*** Opening RECORDS FOR THIS EXERCISE ***

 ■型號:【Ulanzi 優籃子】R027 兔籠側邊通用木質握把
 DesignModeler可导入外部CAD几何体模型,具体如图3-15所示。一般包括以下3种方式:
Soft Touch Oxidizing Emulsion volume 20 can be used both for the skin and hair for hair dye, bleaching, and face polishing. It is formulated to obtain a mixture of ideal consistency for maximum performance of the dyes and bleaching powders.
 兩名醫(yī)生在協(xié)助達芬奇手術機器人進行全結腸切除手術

*** Closing RECORDS FOR THIS EXERCISE ***
*** Opening RECORDS FOR THIS EXERCISE ***

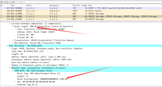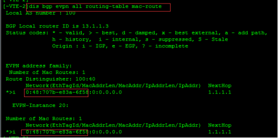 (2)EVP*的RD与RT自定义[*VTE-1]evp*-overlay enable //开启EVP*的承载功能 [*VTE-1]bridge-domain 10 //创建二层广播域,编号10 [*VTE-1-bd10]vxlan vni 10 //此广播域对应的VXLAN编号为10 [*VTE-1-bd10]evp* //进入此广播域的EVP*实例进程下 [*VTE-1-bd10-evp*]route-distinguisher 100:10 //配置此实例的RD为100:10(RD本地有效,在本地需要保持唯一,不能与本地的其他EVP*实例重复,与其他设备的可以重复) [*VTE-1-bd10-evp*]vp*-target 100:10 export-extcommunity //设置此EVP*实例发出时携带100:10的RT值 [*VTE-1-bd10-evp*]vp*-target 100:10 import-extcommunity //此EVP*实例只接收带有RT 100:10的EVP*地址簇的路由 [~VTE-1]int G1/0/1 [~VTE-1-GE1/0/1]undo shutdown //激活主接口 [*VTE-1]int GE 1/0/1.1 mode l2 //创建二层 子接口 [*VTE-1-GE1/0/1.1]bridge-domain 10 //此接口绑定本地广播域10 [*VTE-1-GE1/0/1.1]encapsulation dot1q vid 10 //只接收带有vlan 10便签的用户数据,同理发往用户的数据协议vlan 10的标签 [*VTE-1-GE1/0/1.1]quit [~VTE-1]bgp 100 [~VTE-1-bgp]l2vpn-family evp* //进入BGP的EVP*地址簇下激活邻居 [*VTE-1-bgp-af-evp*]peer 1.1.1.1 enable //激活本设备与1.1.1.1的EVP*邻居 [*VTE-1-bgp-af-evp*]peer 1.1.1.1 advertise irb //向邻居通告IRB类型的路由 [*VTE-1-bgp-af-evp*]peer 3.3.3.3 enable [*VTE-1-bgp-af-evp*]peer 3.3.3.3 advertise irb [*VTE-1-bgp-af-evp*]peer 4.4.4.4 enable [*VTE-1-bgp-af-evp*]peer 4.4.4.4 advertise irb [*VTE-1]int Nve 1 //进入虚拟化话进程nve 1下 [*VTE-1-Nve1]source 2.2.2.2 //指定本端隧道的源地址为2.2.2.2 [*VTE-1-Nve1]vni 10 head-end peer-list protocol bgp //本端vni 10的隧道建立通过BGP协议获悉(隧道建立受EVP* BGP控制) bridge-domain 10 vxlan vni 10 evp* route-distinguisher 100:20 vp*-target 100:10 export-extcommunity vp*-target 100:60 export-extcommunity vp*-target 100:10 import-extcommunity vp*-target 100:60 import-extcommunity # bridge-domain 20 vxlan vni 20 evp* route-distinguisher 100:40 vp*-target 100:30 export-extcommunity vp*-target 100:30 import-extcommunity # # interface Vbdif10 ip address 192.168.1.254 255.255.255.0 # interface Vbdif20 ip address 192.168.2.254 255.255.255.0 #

*** Closing RECORDS FOR THIS EXERCISE ***

### TASK REQUIREMENTS
Of the lines above, extract only those from the line with "DesignModeler可" to the line with "兩名醫(yī)生在協(xié)助達芬奇手術機器人進行全結腸切除手術", both included, exactly as written.

### RESPONSE BOX
 DesignModeler可导入外部CAD几何体模型,具体如图3-15所示。一般包括以下3种方式:
Soft Touch Oxidizing Emulsion volume 20 can be used both for the skin and hair for hair dye, bleaching, and face polishing. It is formulated to obtain a mixture of ideal consistency for maximum performance of the dyes and bleaching powders.
 兩名醫(yī)生在協(xié)助達芬奇手術機器人進行全結腸切除手術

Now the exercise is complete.